PRIVO Blog

Why Banning Kids from Social Media Won’t Work — And What To Do Instead

Written by PRIVO | 8/25/25 2:01 PM

Calls to ban kids from social media are echoing across EU member states. The European Commission has recently said that countries can implement their own national bans for minors on social media under the Digital Services Act. Australia’s ban has already come into force with the Online Safety Amendment (Social Media Minimum Age) Act 2024, a ban on social media for anyone under 16, from social media platforms. In the U.S., some states have also passed social media laws affecting minors. 

On the surface, banning kids may seem like the right move. The harms children face online are well documented by researchers, policymakers, and advocates. But in practice, bans are a blunt instrument. They may look like an easy win on paper, but they don’t solve the complex challenge of creating safe digital spaces for children who live in a world where online and offline are inseparable.

According to Ofcom, 96% of children in the UK ages 5–17 are online, and 97% of homes with kids have internet access. Blocking children from social media ignores this reality. Instead, we should focus on giving them safer, age-appropriate experiences online.

 

The Problem with Bans

Children have always found ways to bypass weak age gates, and social platforms have historically looked the other way—profiting from young users’ data and attention. Whistleblower testimony, government inquiries, and volumes of academic research all show how deeply platforms have failed to put children first.

What’s Really Needed

Rather than exclusion, we need robust privacy and safety by design—systems that welcome younger users into environments suited to their age and development. That means:

  • Stronger age assurance and verification so platforms know who is using their services.

  • Protections built into design, following models like the UK’s Children’s Code.

  • Parental controls and flexible ID solutions that give families safer ways to manage consent.

  • Accountability for platforms and their executives, backed by meaningful oversight.

This will require investment, but children are the future customers of these platforms. Using some of the billions made from exploiting them to instead protect and empower them is not only right—it’s sustainable.

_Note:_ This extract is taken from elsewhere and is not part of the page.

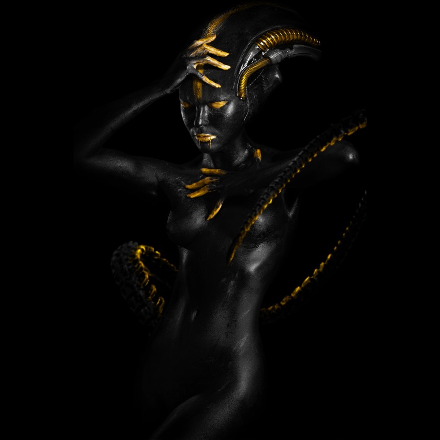 Fine nude art. A photo composition inspired by 'The bat-woman' (Albert Joseph Penot) theme

Holding Platforms Accountable

Regulation must go further than design principles. Oversight and enforcement are essential, and platforms must face real consequences when they fail children. Some advocate for reforming Section 230 in the U.S., which shields platforms from liability, though that remains politically fraught. But other tools—such as stronger enforcement of the EU Digital Services Act, the UK Online Safety Act, and advancing legislation like KOSA in the U.S.—can help move the needle.

A Smarter Path Forward

Bans alone won’t work. Children deserve safe, age-appropriate experiences online, not exclusion. Achieving this requires shared effort—from industry, regulators, educators, professionals, and parents. With the right mix of age assurance, privacy by design, and accountability, we can create digital spaces where children can learn, connect, and grow without being put at risk.

Blunt instruments are not the answer. Smart, enforceable protections are.